#### RECORDS SHOWN:
■ ■ ■ ■ ■

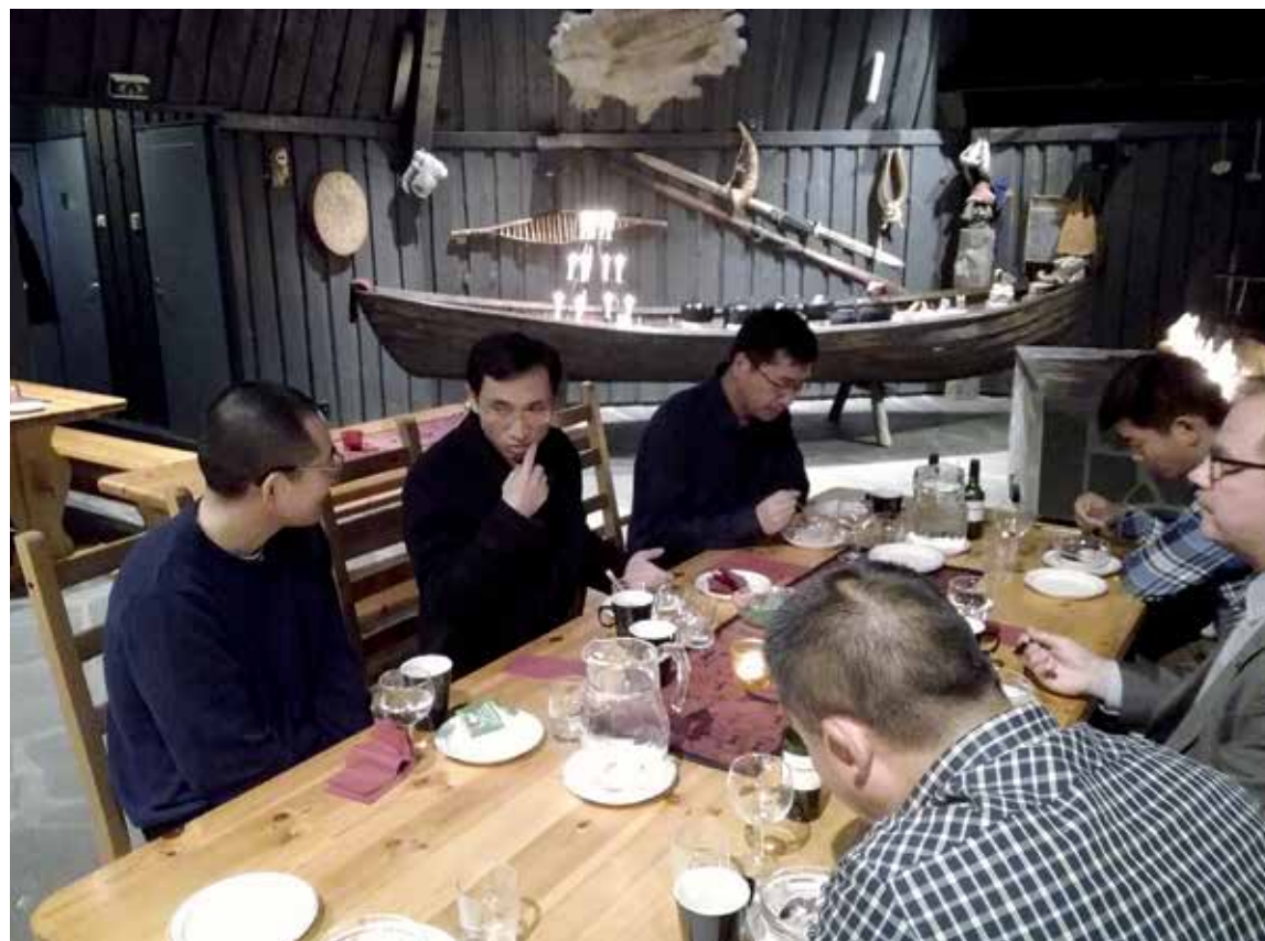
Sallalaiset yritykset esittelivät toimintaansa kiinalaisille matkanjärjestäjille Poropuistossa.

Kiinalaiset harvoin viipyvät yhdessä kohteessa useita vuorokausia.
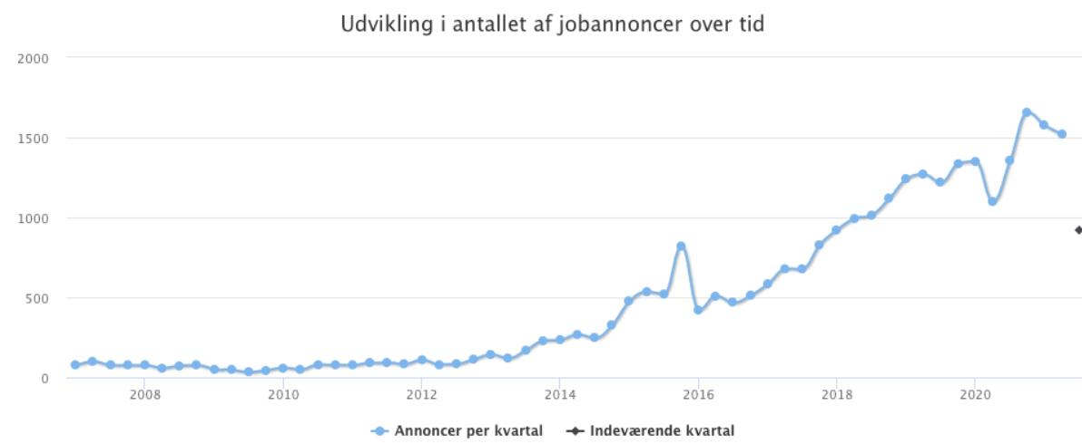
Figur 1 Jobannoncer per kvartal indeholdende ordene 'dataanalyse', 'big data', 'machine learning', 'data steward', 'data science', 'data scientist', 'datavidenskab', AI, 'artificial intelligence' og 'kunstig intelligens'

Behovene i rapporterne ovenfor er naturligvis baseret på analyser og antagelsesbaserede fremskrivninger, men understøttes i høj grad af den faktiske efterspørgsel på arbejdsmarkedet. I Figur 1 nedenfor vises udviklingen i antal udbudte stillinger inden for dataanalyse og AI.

■ ■ ■ ■ ■

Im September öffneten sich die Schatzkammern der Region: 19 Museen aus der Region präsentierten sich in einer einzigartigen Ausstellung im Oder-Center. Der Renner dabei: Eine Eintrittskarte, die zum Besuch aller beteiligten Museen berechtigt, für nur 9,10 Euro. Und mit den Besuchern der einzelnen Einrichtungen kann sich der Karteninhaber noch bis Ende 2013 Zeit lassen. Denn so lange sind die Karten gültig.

■ ■ ■ ■ ■

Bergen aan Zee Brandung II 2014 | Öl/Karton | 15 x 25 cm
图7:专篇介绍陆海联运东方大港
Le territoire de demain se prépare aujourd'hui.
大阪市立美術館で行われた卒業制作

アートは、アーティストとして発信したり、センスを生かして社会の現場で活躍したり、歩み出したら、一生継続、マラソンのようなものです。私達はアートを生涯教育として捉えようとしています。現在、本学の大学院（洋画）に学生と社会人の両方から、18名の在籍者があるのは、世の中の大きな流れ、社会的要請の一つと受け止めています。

■ ■ ■ ■ ■

#### PROBLEM TO WORK ON:
Look above for the line with "图7:专篇介绍陆海联运东方大港"; retype exactly that line, every line after it up to the line with "アートは、アーティストとして", and that line too, nothing else.

#### RESPONSE FOR THIS EXERCISE:
图7:专篇介绍陆海联运东方大港
Le territoire de demain se prépare aujourd'hui.
大阪市立美術館で行われた卒業制作

アートは、アーティストとして発信したり、センスを生かして社会の現場で活躍したり、歩み出したら、一生継続、マラソンのようなものです。私達はアートを生涯教育として捉えようとしています。現在、本学の大学院（洋画）に学生と社会人の両方から、18名の在籍者があるのは、世の中の大きな流れ、社会的要請の一つと受け止めています。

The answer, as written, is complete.